Schema for Statistics (statistics.json file)
Note
After careful consideration, we have made the decision to close new customer access to Amazon Sagemaker Model Monitor, effective 7/30/26. Existing customers can continue to use the service as normal. AWS continues to invest in security and availability improvements for Model Monitor, but we do not plan to introduce new features. For more information, see Amazon SageMaker Model Monitor availability change.

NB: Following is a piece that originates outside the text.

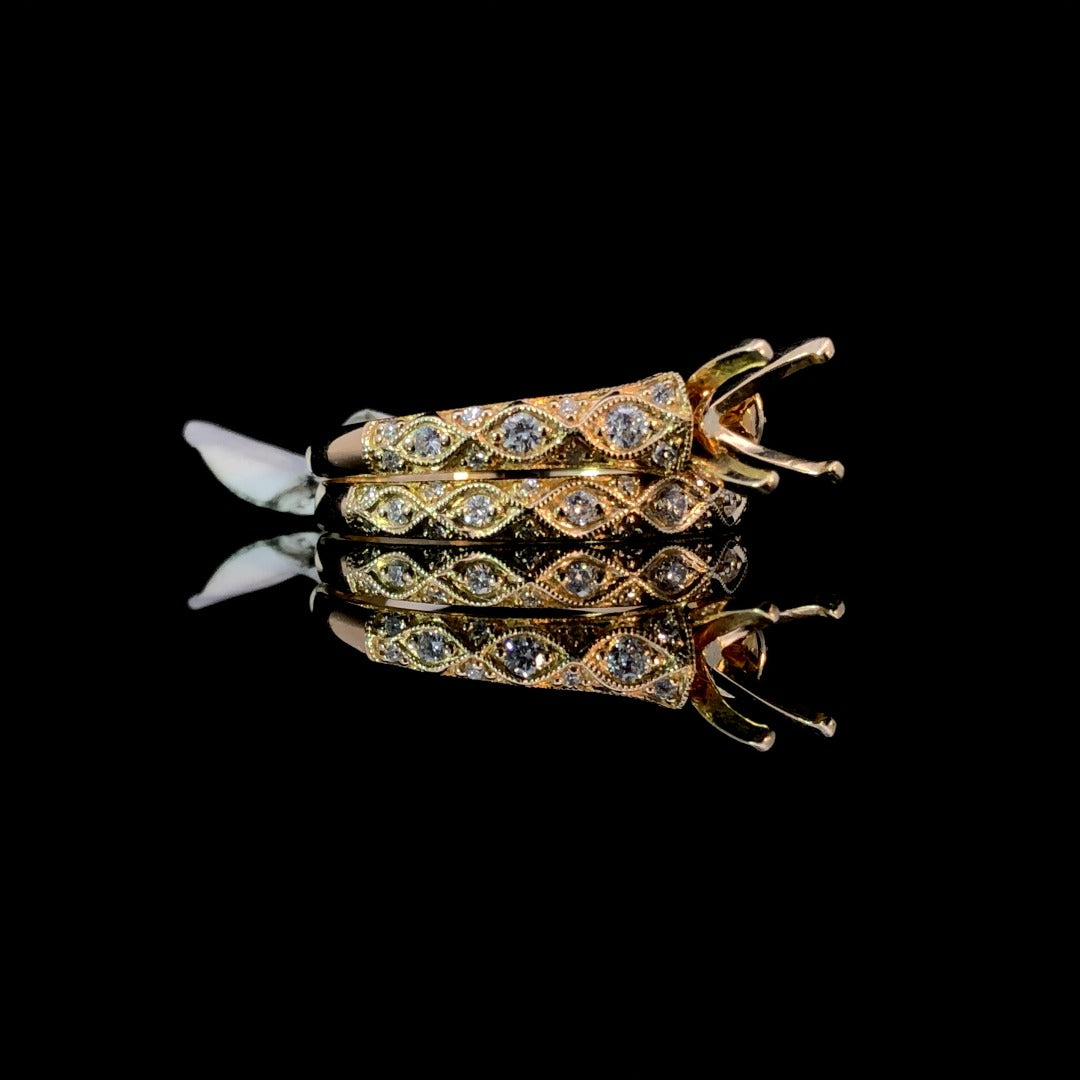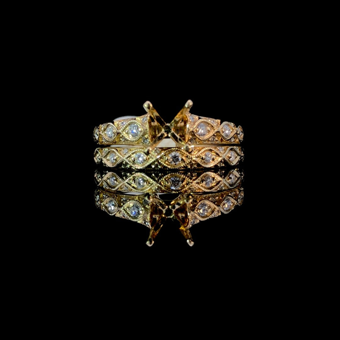 Indulge in luxury with our 14kt yellow gold diamond semi mount. Intricately detailed with milgrain and adorned with .20ctw diamond accents, this ring exudes elegance. Choose your own center stone from our large selection of loose stones. Complete the look with the matching .14ctw diamond band (sold separately). Price is for the semi mount only. Center stone will be added at an additional cost. This ring is a size 6.5. Additional sizing fees may apply.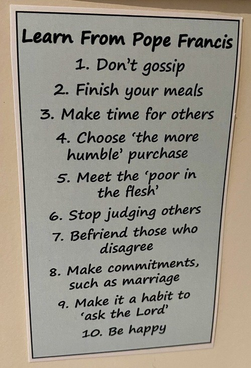 SETTING A TASK FOR WEEK ONE – Consider this from Pope Francis that describes the logic of the Kingdom of God. I found this “Summons” taped to the wall next to the work desk of my sister-in-law, Leslie:

The schema defined in the statistics.json file
specifies the statistical parameters to be calculated for the baseline
and data that is captured. It also configures the bucket to be used by
KLL
{ "version": 0, # dataset level stats "dataset": { "item_count": number }, # feature level stats "features": [ { "name": "feature-name", "inferred_type": "Fractional" | "Integral", "numerical_statistics": { "common": { "num_present": number, "num_missing": number }, "mean": number, "sum": number, "std_dev": number, "min": number, "max": number, "distribution": { "kll": { "buckets": [ { "lower_bound": number, "upper_bound": number, "count": number } ], "sketch": { "parameters": { "c": number, "k": number }, "data": [ [ num, num, num, num ], [ num, num ][ num, num ] ] }#sketch }#KLL }#distribution }#num_stats }, { "name": "feature-name", "inferred_type": "String", "string_statistics": { "common": { "num_present": number, "num_missing": number }, "distinct_count": number, "distribution": { "categorical": { "buckets": [ { "value": "string", "count": number } ] } } }, #provision for custom stats } ] }
Notes
-
The specified metrics are recognized by SageMaker AI in later visualization changes. The container can emit more metrics if required.
-
KLL sketch
is the recognized sketch. Custom containers can write their own representation, but it won’t be recognized by SageMaker AI in visualizations. -
By default, the distribution is materialized in 10 buckets. You can't change this.